§ Records provided
⁂
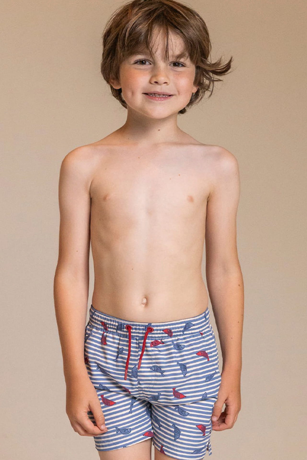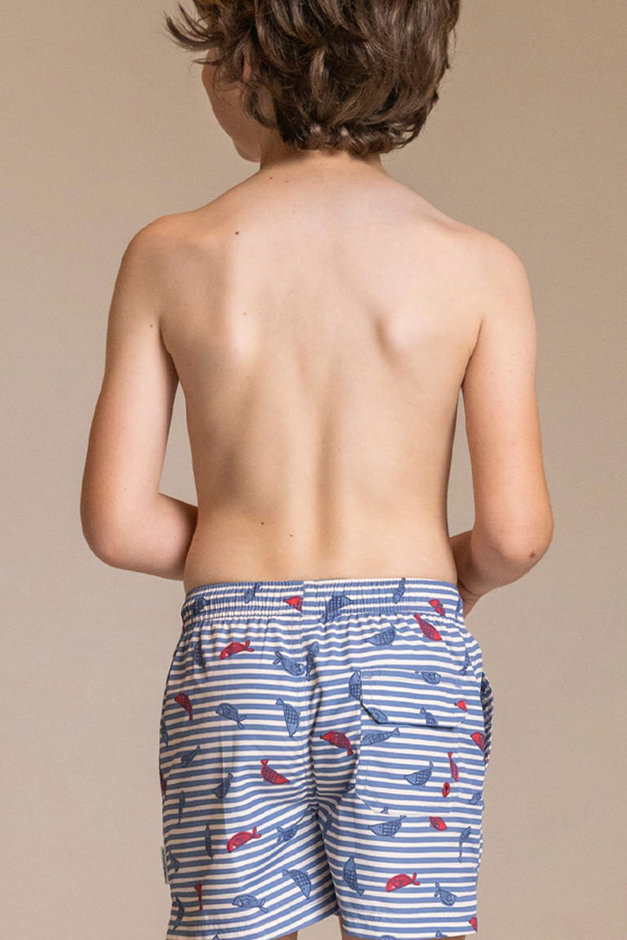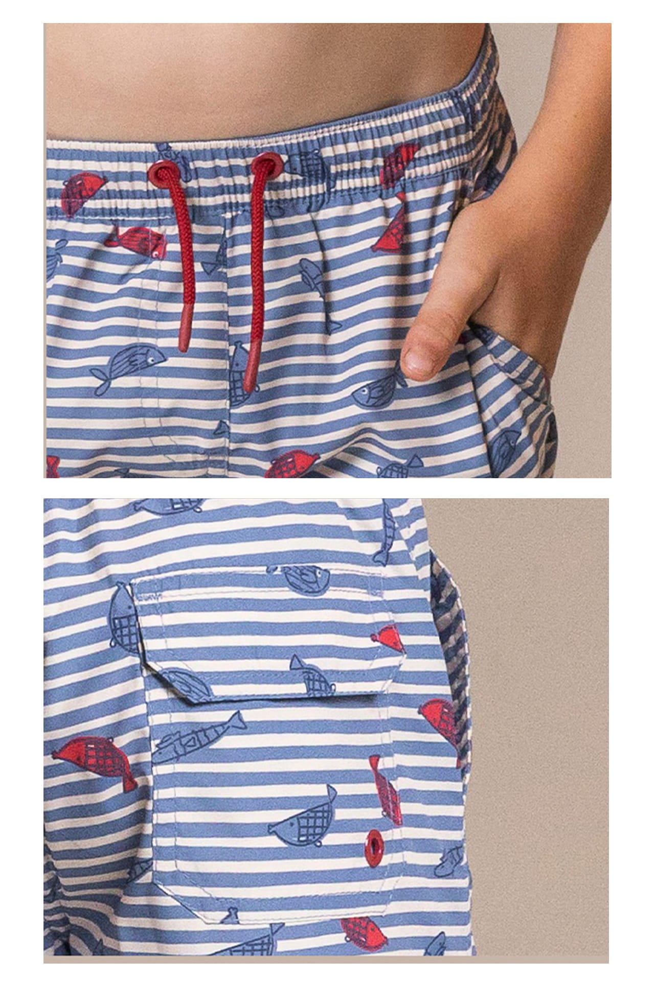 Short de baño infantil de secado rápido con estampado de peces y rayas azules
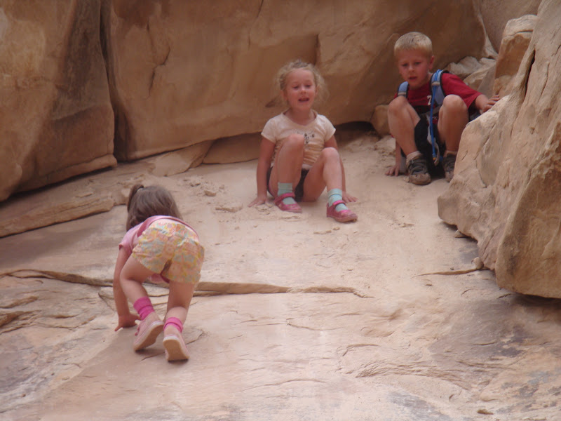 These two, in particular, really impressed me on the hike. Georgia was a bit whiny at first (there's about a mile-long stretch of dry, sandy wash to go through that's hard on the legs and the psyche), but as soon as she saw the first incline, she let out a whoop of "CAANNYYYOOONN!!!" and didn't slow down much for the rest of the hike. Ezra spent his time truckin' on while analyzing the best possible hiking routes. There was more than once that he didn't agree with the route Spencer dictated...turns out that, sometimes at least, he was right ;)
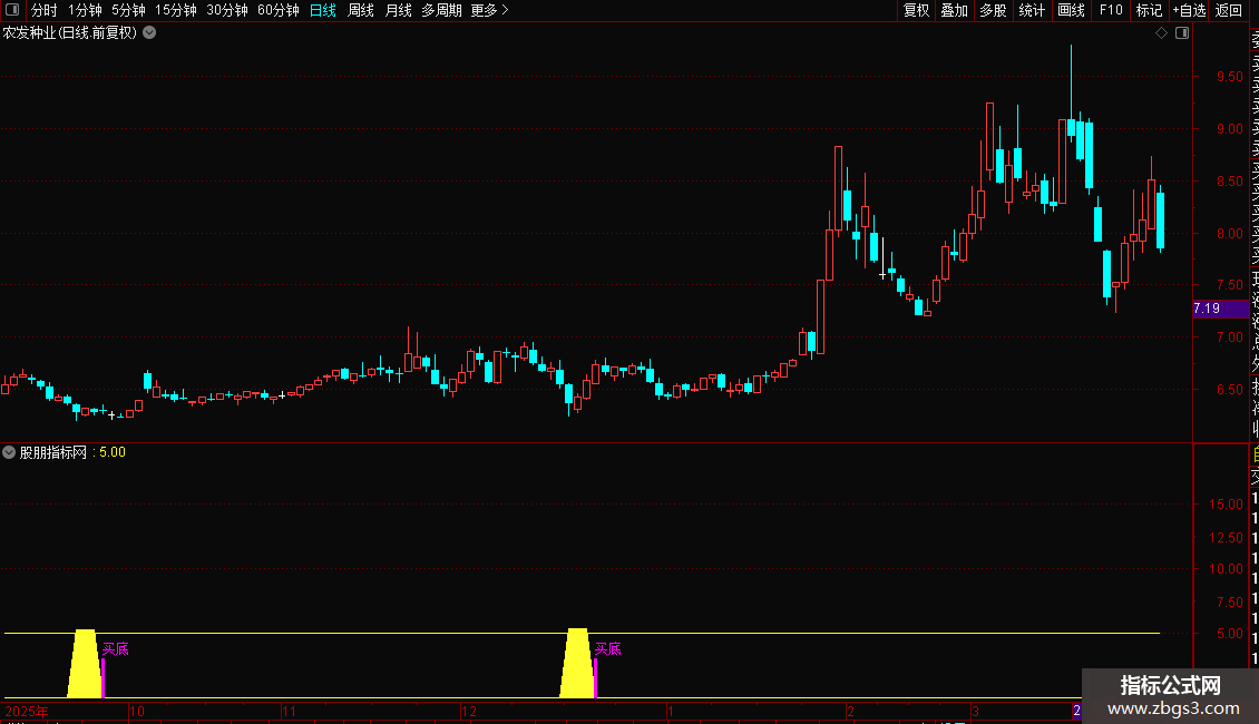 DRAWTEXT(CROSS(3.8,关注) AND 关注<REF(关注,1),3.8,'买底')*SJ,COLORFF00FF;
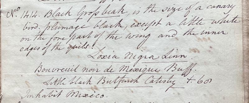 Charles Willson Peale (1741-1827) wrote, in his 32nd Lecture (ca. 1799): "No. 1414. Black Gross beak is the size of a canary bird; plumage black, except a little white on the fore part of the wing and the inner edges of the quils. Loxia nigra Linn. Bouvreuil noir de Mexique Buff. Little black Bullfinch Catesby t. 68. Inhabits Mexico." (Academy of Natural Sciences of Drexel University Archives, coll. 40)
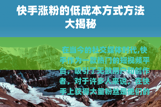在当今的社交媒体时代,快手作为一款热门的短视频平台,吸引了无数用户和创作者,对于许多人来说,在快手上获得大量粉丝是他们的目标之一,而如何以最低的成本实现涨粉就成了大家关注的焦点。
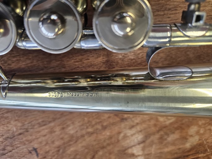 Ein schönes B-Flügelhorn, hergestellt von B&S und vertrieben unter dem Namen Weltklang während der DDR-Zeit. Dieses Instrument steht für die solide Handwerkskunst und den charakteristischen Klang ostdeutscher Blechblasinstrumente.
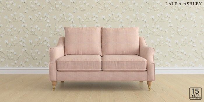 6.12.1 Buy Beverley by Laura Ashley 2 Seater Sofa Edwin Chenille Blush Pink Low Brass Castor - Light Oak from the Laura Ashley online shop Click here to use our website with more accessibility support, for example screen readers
⁂
§ Task to complete
The reply should contain all of the data above, word for word, with no pictures.

§ Reply to the exercise
 Short de baño infantil de secado rápido con estampado de peces y rayas azules
 These two, in particular, really impressed me on the hike. Georgia was a bit whiny at first (there's about a mile-long stretch of dry, sandy wash to go through that's hard on the legs and the psyche), but as soon as she saw the first incline, she let out a whoop of "CAANNYYYOOONN!!!" and didn't slow down much for the rest of the hike. Ezra spent his time truckin' on while analyzing the best possible hiking routes. There was more than once that he didn't agree with the route Spencer dictated...turns out that, sometimes at least, he was right ;)
 DRAWTEXT(CROSS(3.8,关注) AND 关注<REF(关注,1),3.8,'买底')*SJ,COLORFF00FF;
 Charles Willson Peale (1741-1827) wrote, in his 32nd Lecture (ca. 1799): "No. 1414. Black Gross beak is the size of a canary bird; plumage black, except a little white on the fore part of the wing and the inner edges of the quils. Loxia nigra Linn. Bouvreuil noir de Mexique Buff. Little black Bullfinch Catesby t. 68. Inhabits Mexico." (Academy of Natural Sciences of Drexel University Archives, coll. 40)
在当今的社交媒体时代,快手作为一款热门的短视频平台,吸引了无数用户和创作者,对于许多人来说,在快手上获得大量粉丝是他们的目标之一,而如何以最低的成本实现涨粉就成了大家关注的焦点。
 Ein schönes B-Flügelhorn, hergestellt von B&S und vertrieben unter dem Namen Weltklang während der DDR-Zeit. Dieses Instrument steht für die solide Handwerkskunst und den charakteristischen Klang ostdeutscher Blechblasinstrumente.
 6.12.1 Buy Beverley by Laura Ashley 2 Seater Sofa Edwin Chenille Blush Pink Low Brass Castor - Light Oak from the Laura Ashley online shop Click here to use our website with more accessibility support, for example screen readers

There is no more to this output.